SAVANNAH Trust, one of the leading local arts organisations, will be sending a new play titled Half Empty, Half Full to Durban for the Musho Theatre Festival which starts tomorrow.
Report by Silence Charumbira Entertainment Reporter
The festival is specifically for one and two-hander plays.
Daniel Maposa, director of Savannah Trust yesterday said the cast and production team would be leaving for Durban today for the festival, which is scheduled to end on February 20.
Maposa said the play will be staged twice with the major highlight being that it will feature at the closing show of the festival.
“This play is going to be important to Zimbabwean theatre landscape. Our theatre is recovering from the economic lull of the past decade and this play is a significant, key and timely contribution in the re-writing of a vivid indigenous Zimbabwean stage grammar,” said Maposa.
Written by celebrated South African playwright Mncedisi Shabangu of the Ten Bush fame, the play is about two men who grew up separately and are united by fate.
On the eve of their departure to the big city, they both discover love.

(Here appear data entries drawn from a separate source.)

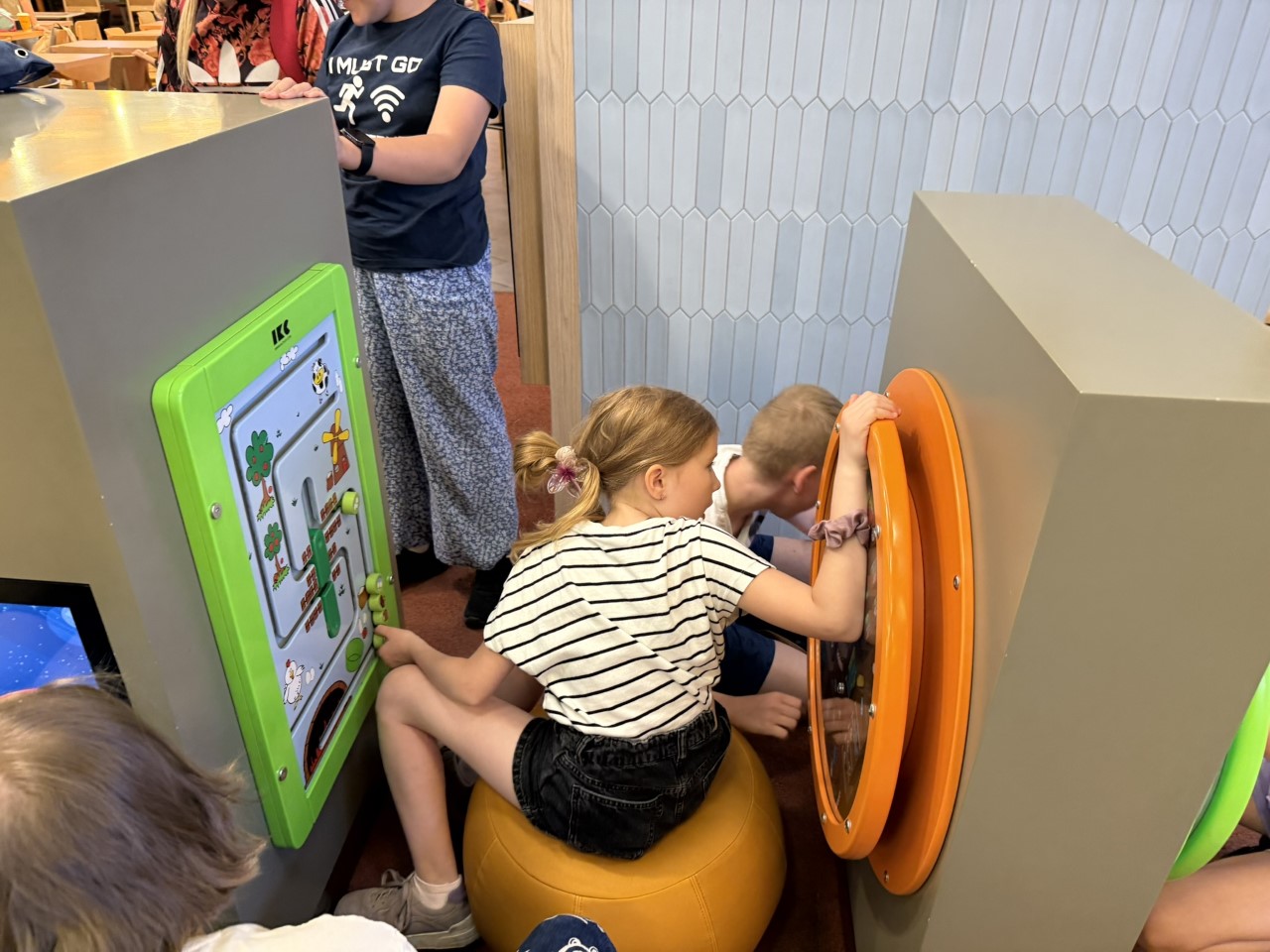 Po basenie udaliśmy się na zajęcia z programowania z wykorzystaniem klocków LEGO. Każda grupa otrzymała zestaw konstrukcyjny oraz tablet. Na początku zbudowaliśmy Koło Młyńskie, a następnie przeszliśmy do programowania jego działania. Zadanie polegało na tym by tak zaprogramować konstrukcję, aby umożliwić wejście ludzików na koło, a także wprowadzić dodatkowe efekty – dźwięki, zmieniające się kolory oraz różne prędkości obrotu.
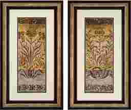 Set of two floral-inspired prints in earthy, neutral colors. The matted prints are set beneath glass, and are accented by a complimenting antique gold-finished frame.
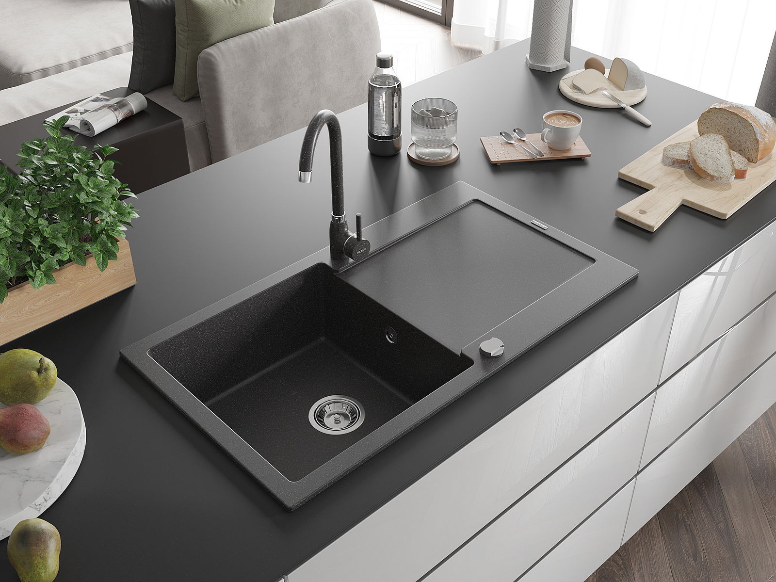 Мивката е направена от висококачествен гранит. Това е елегантно и най -вече практично допълнение към всяка кухня, независимо от нейния стил. Висококачествената и гранитна издръжливост осигуряват много години употреба.
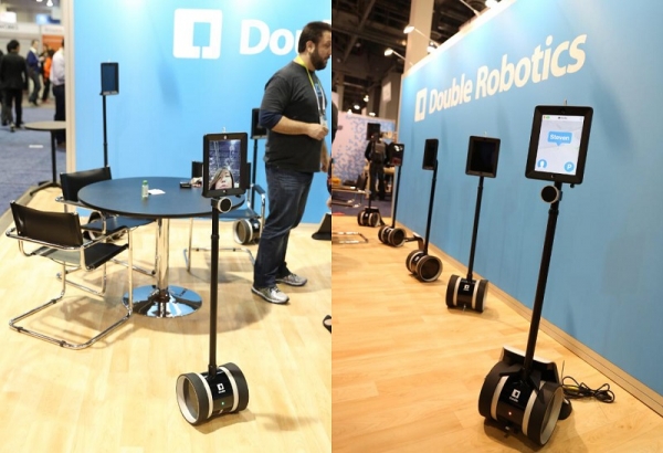 服务机器人,上面是一个ipad,通过一根可升降的支杆与底座连接,底座看上去是电动平衡车。通过ipad可以将家里的画面回传,这样你就能看到家里的东西。同时支杆降低则能与儿童对话,升高则可与成人交流。在其电力过低的时候,还会自己去充电。
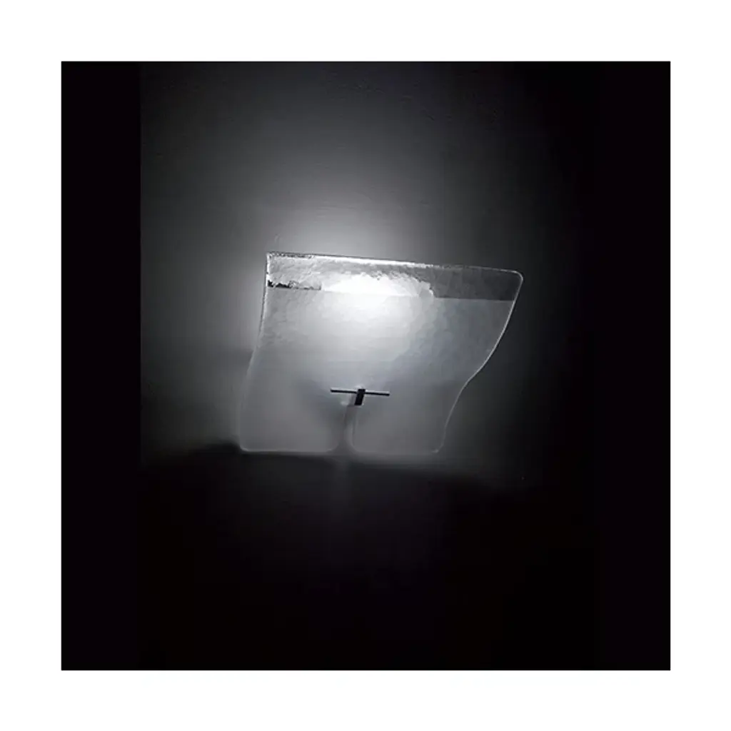A sculptural, floating visual drawing inspiration from an airplane’s dynamic wing. Soar into a sophisticated ambiance with the handcrafted glass filtered glow of the Flap Wall Sconce from Mazzega 1946. Created by the designers at Mazzega, the piece represents the company’s imaginative contemporary approach to highlighting the Murano glass-making tradition. The sconce shows this contemporary aesthetic through its focus on pure, beautiful shape. It starts by mounting to the wall with a hidden backplate. A metal holder presents itself at the front as a sleek accent lifting the glass. The wavy glass shade angles upwards like an airplane’s wing when descending. The shade pleases the eye as it shields it from frontal glare through its stylish clear and frosted combo. When turned on, clean light glazes the glass and the back wall as an opulent ambient glow.

Featuring Teddy Mangava and Tafadzwa Hananda, the play takes a stern approach to social realities as the two characters open up on what has happened in their respective lives.
They attack various social ills that they have had to live with. They are against the tendency of celebrating villains that is common in their society.
As they journey to the city, they symbolically go in circles which Shabangu, who doubles as the director, telling a story about how rural Africans live.
“When you are in the city, a lot happens around you but with rural life people seem to circle around the same place,” said Shabangu.
“The circles also symbolise the significance of circles in African setups since many rituals in different customs are done while people are gathered in a circular form.”
On stage however, the striking resemblance of the circular motions is given meaning by the actors with one of them failing to reach the city and actually becoming the epitome of poverty in the rural areas.
Various themes are interrogated in the play and it interestingly attacks vices while at the same time exploring the different labours that human life has to endure because of love.
Issues to do with fortunes in love are portrayed as inevitable yet meaningless in some instances.
The story takes a turn when the duo hears that there is a diamond rush somewhere in their area.
In the end, one friend has to make a sacrifice and remain behind in the village. The river has gone dry and it is now “half empty, half full”.
It will be the first time for both actors to feature in an international production but their previous experience in local theatre is likely to spur them to a higher level.
As opposed to Ten Bush, this play by Shabangu has minimal theatrical instruments on stage giving the audience very little to focus on, in turn making sure that they grasp the message.